Not everyone agreed that the U.S. should have a standing army.
Two years earlier, at the meeting that drafted the U.S. Constitution, James Madison warned against a permanent federal army.
He told those at the Constitutional Convention in Philadelphia “A standing military force, with an overgrown Executive will not long be safe companions to liberty.”
Since Madison was a strong proponent of a centralized federal government, his caution about the army was noteworthy.
Perhaps these warnings is why it took Congress until the last day of their session to finally approve the measure.
In fact, President George Washington had to write Congress not once but twice to get them to act on the issue.

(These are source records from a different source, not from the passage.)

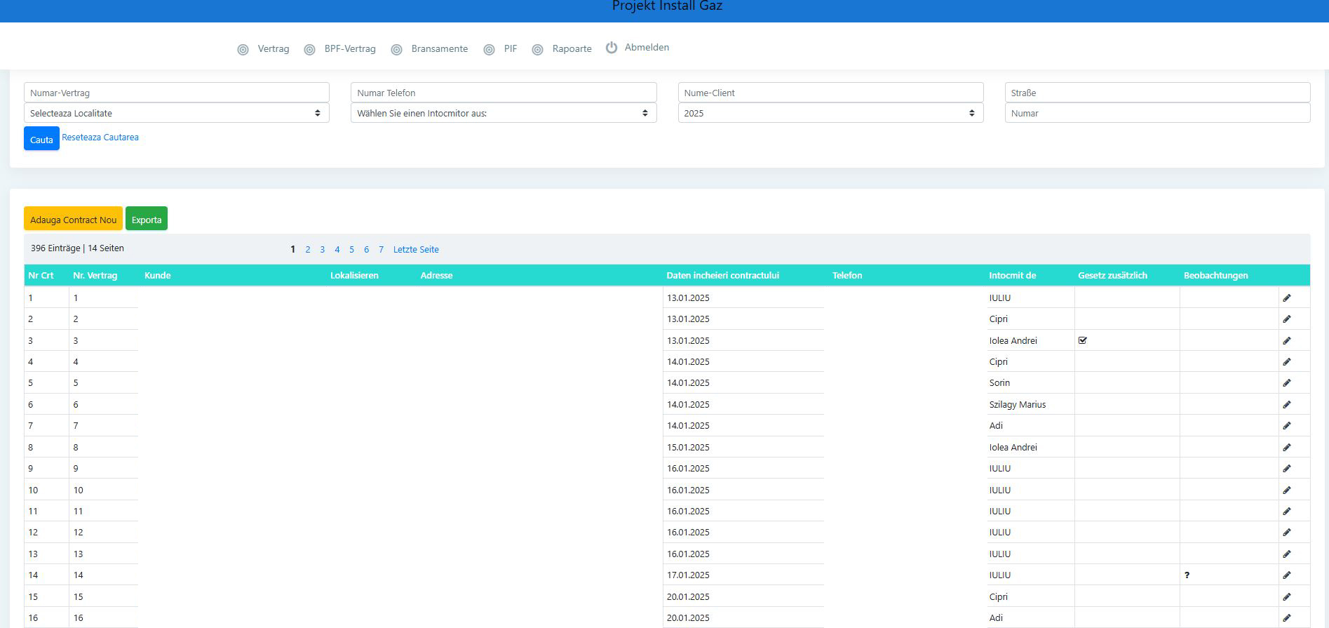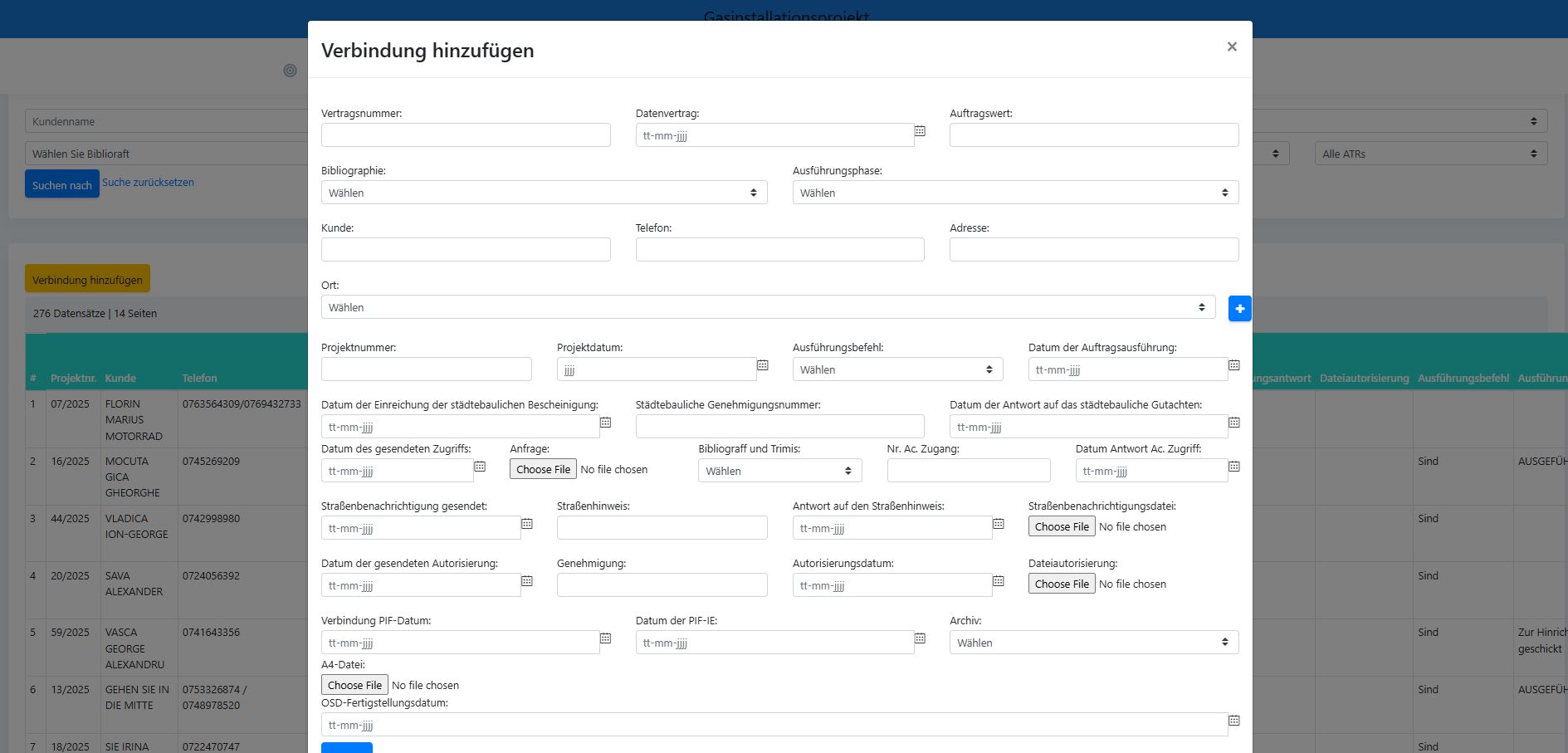 Unser Softwareprojekt wurde entwickelt, um die Aktivitäten eines Unternehmens zu optimieren und zu rationalisieren, das auf die Installation, Überholung und Überprüfung von Gassystemen spezialisiert ist. Die implementierte Lösung bietet ein integriertes System für die Verwaltung von Zeitplänen, Ausrüstungsaufzeichnungen und regelmäßigen Überprüfungen sowie für die automatische Erstellung von Berichten und technischen Unterlagen.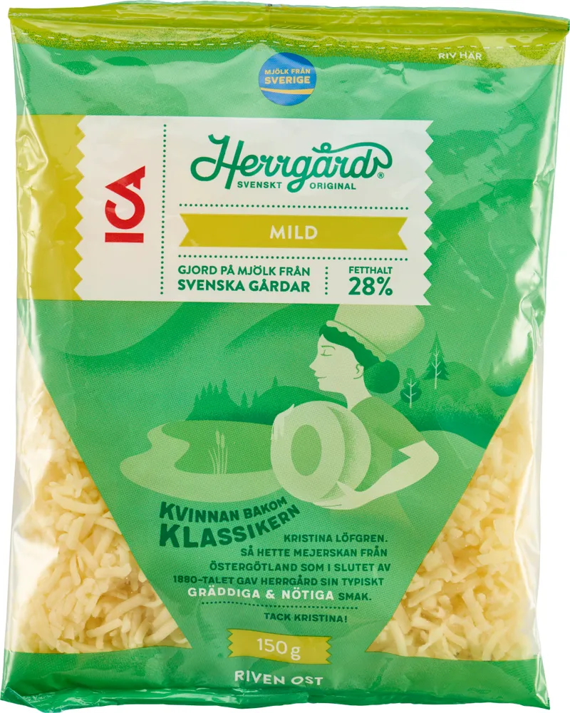 Ost Herrgård Mild Riven 28% tillverkas av ICA.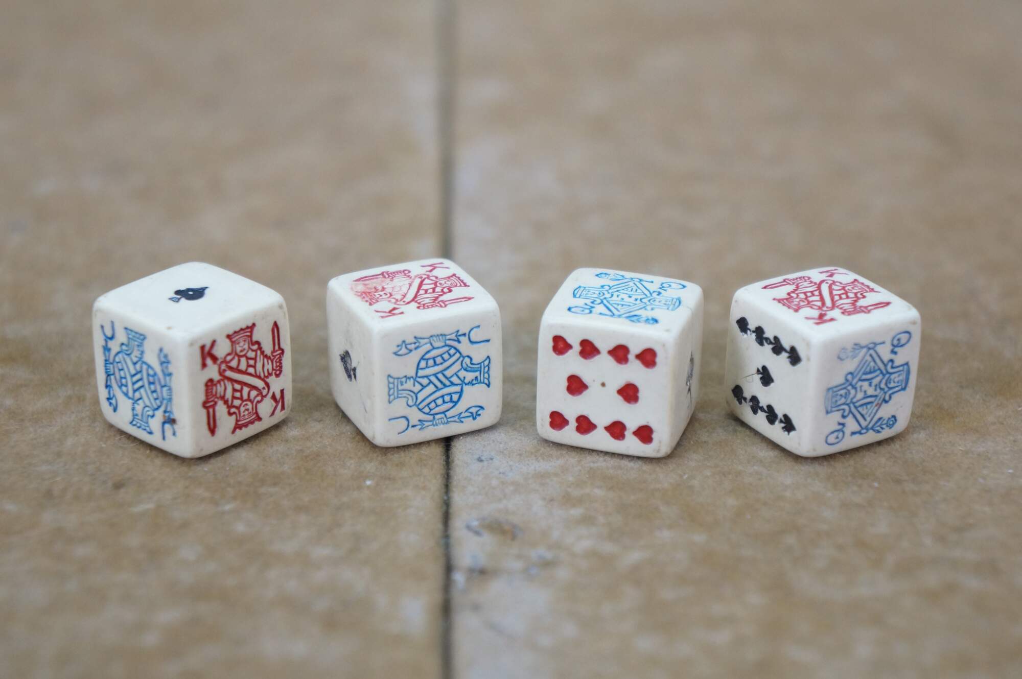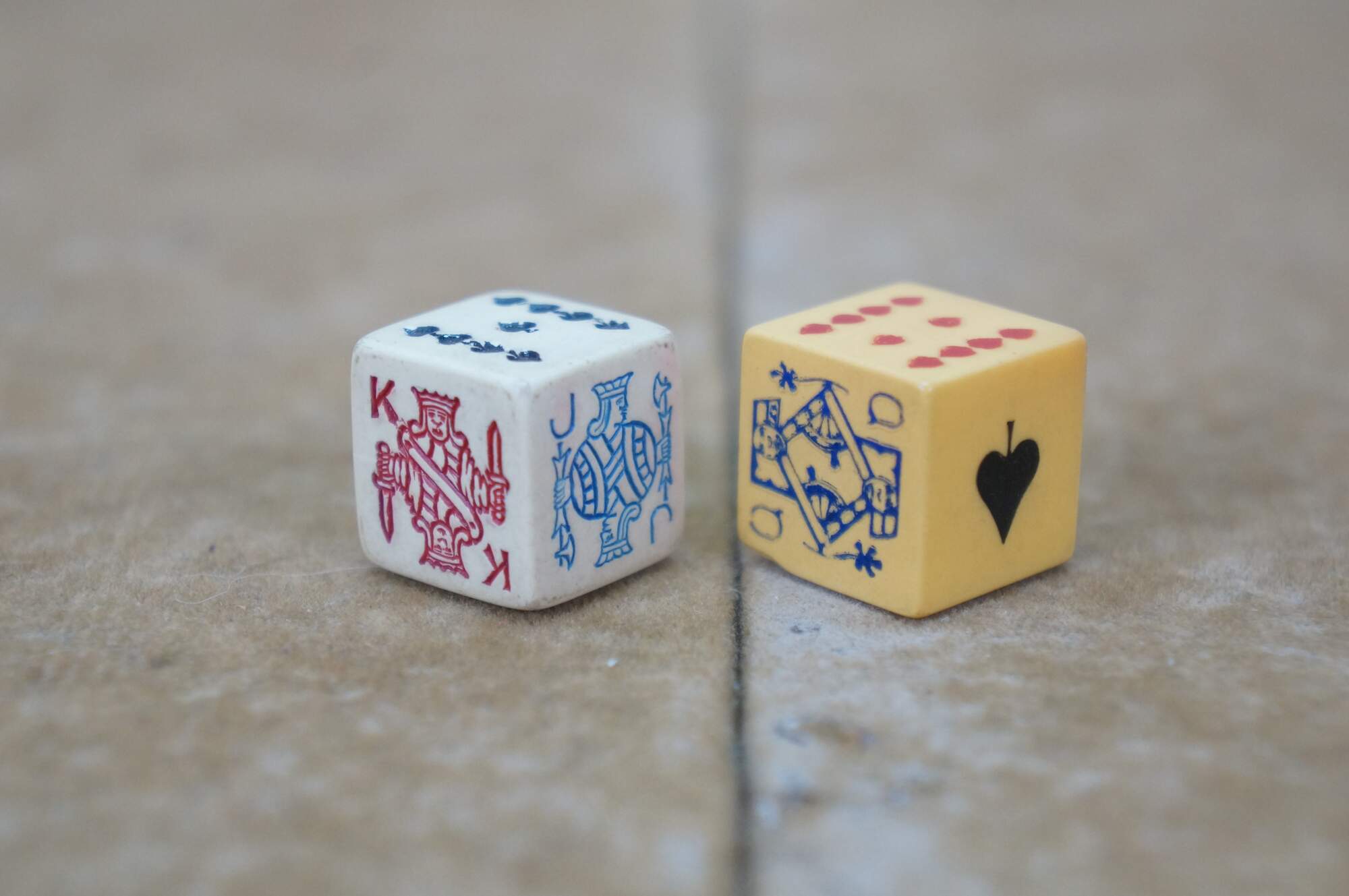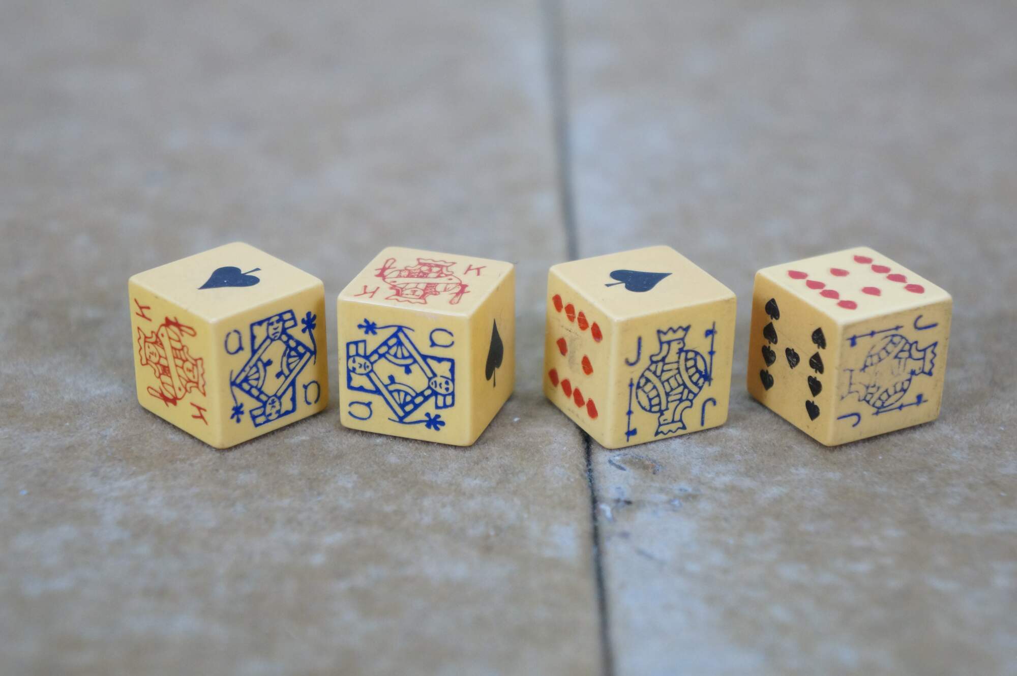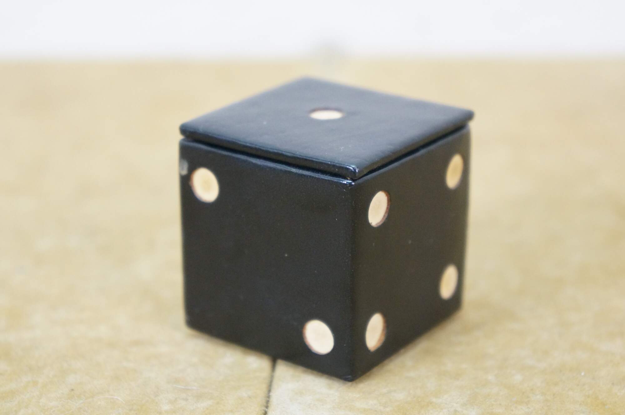 Vintage 14pc gaming dice set including a large die-shaped box accompanied by several smaller dice in varying shapes and styles, including some bakelite.

Once it was approved, the first standing Army had about 800 members.
By comparison, in 2015 the Army had just under half a million in active duty soldiers.
To supplement the small army, Congress also made a provision for the President to call up troops from State militias.
A stated purpose for such call ups, was “protecting the inhabitants of the frontiers of United States from hostile incursions of the Indians.”
While in federal service, the State militias were supposed to receive “the same as the pay and subsistence” as the regular army.
One time various State militias were used was for the forced removal of the Cherokee people from the Southeast on the Trail of Tears in the 1830s.
State militias were also deployed to break up labor strikes, such as in the Homestead Strike in Pennsylvania in 1892.